DATASET EXTRACT
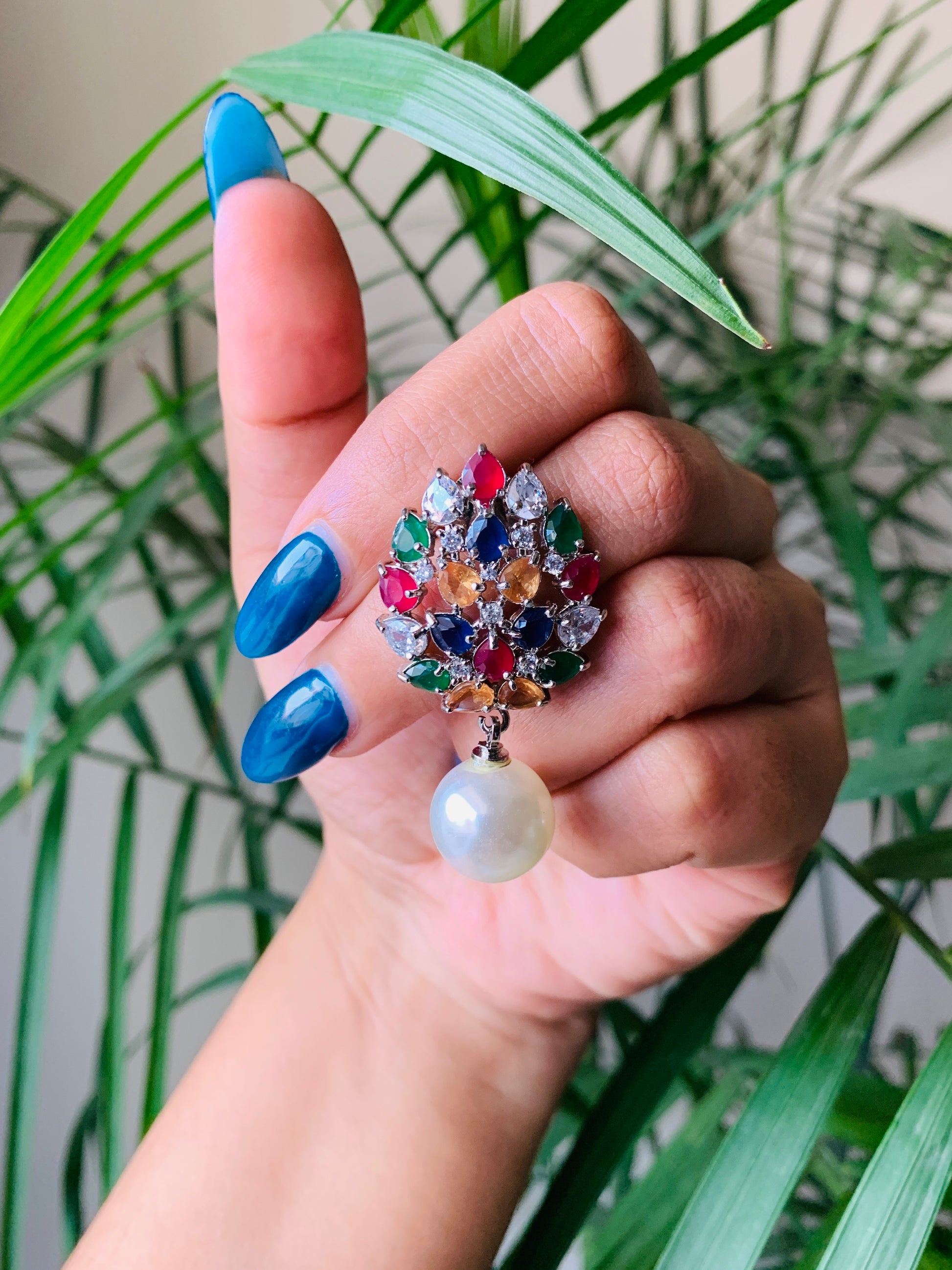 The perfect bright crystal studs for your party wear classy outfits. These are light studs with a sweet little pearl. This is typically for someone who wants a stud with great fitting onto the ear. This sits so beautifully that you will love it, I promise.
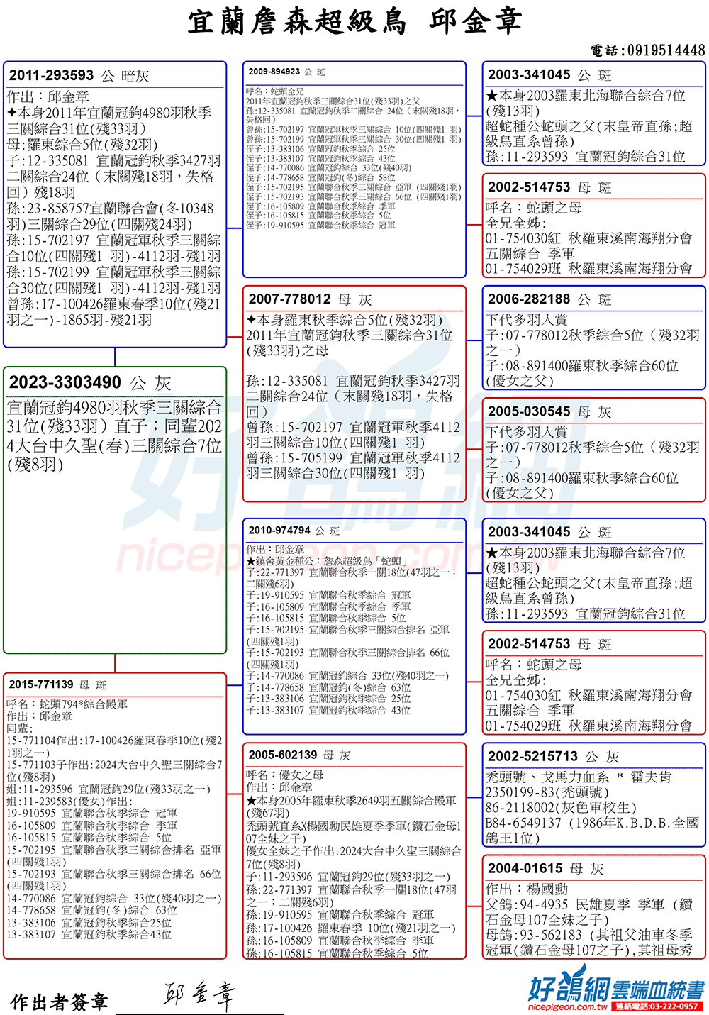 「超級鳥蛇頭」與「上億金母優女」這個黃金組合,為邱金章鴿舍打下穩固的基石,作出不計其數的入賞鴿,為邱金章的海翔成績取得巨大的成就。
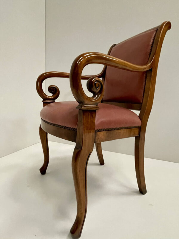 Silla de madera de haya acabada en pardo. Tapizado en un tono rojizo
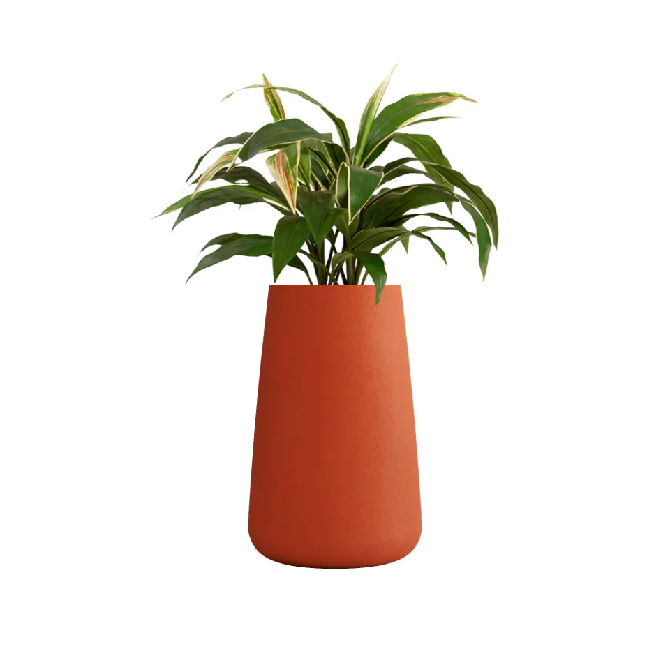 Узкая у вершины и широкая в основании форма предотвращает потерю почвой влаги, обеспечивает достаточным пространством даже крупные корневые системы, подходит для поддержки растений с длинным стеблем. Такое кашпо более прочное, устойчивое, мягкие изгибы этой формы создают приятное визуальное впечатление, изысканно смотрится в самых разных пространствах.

TASK DESCRIPTION
Exact copy, pictures omitted: every line from the one holding "Silla de madera" through the last line of the data above, and nothing else.

SOLUTION BELOW
 Silla de madera de haya acabada en pardo. Tapizado en un tono rojizo
 Узкая у вершины и широкая в основании форма предотвращает потерю почвой влаги, обеспечивает достаточным пространством даже крупные корневые системы, подходит для поддержки растений с длинным стеблем. Такое кашпо более прочное, устойчивое, мягкие изгибы этой формы создают приятное визуальное впечатление, изысканно смотрится в самых разных пространствах.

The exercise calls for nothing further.